Date Joined Mar 2008
Total Posts : 3115
   Posted 7/16/2008 7:28 PM (GMT -7)   
Just remember, you've been given a second chance to have a GREAT LIFE!! You have to grieve for the past...but you will be able to move on. Suebear's suggestion of group therapy is a good one. Take one day at a time (I know!) and try to do one thing a day or week that you couldn't do while you were sick...take a walk, eat a greasy burger or go to an amusement park...anything to get you back "into life". Don't let people "see the bag"...by the way, I prefer to call it a "pouch" for some reason it makes is less demeaning...let them see the HEALTHY YOU.

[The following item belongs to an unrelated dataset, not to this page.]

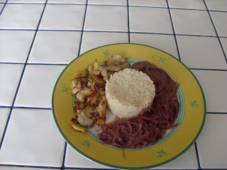 Dans la recette d'origine il mettent des salicornes en accompagnement, je préfère servir avec un riz et mettre un peu plus d'échalottes de roscoff
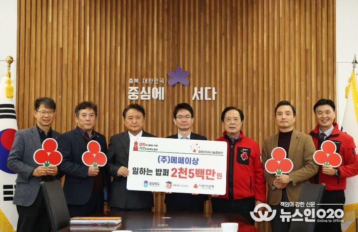 (뉴스인020 = 김성길 기자) 충북도는 24일 도청 여는마당에서 청주오스코 민간위탁 운영사인 ㈜메쎄이상이‘일하는 밥퍼’지원을 위해 2천5백만원을 기탁했다고 밝혔다.

Post Edited (OHIO76) : 7/16/2008 8:49:04 PM (GMT-6)


summerstorm
Veteran Member


Date Joined Aug 2006
Total Posts : 6571
   Posted 7/16/2008 7:33 PM (GMT -7)   
i may have told you this already but it is OK TO BE SAD!!! you have just had a major change in your life, and it's something that is really really hard to get used to. I remember the first time i saw myself naked with this bag i started bawling! i was about 122, scar was nasty looking, bag hanging there, i thought i am the ugliest thing ever!!! but you know what, after a while i quit thinking about it.  Andnow, i even though i still get upset it doesnt' last as long, and most of the time i dont' even think about.  I am 30 too, and i missed all of my 20s sick, so i am trying to make it up now, lol.  At this very minute i am texting someone makign plans for friday night!  i get a little annoyed, thinkign about having to empty in a bar, but then i think, before surgery i could have not even gone to a bar!  when you get sad, try really hard to think of something you couldnt' do before, maybe even make you a list and carry it with you! 

Post Edited (summerstorm) : 7/16/2008 8:37:53 PM (GMT-6)


vette guy
Veteran Member


Date Joined Nov 2006
Total Posts : 650
   Posted 7/16/2008 10:33 PM (GMT -7)   
What you're feeling isn't so unusual. I had my ostomy back in '89 when I was 28. Though I was already married, I thought my professional life was over. Plus, like you, I was defining myself by this pouch stuck to me. That is completely normal! What really helped me was going to a few local ostomy society meetings. Yes, the meetings were imformative...but the real eye opener was seeing other people who had ostomies. Because most of us would bring our spouses or friends with us, you couldn't tell who had an ostomy and who was there for support. They all looked normal. Why?.....because THEY WERE all normal. It's just that some of them had ostomies and some of them didn't. Just about every city or county has a local chapter of the United Ostomy Association. Ask your doctor or ET for information. And, if you do decide to go...play a little game with yourself and try to figure out who actually has on ostomy and who doesn't. You'll be really surprised and relieved when you realize you won't be able to tell! And, fundamentally, isn't that your main concern? I know it was for me.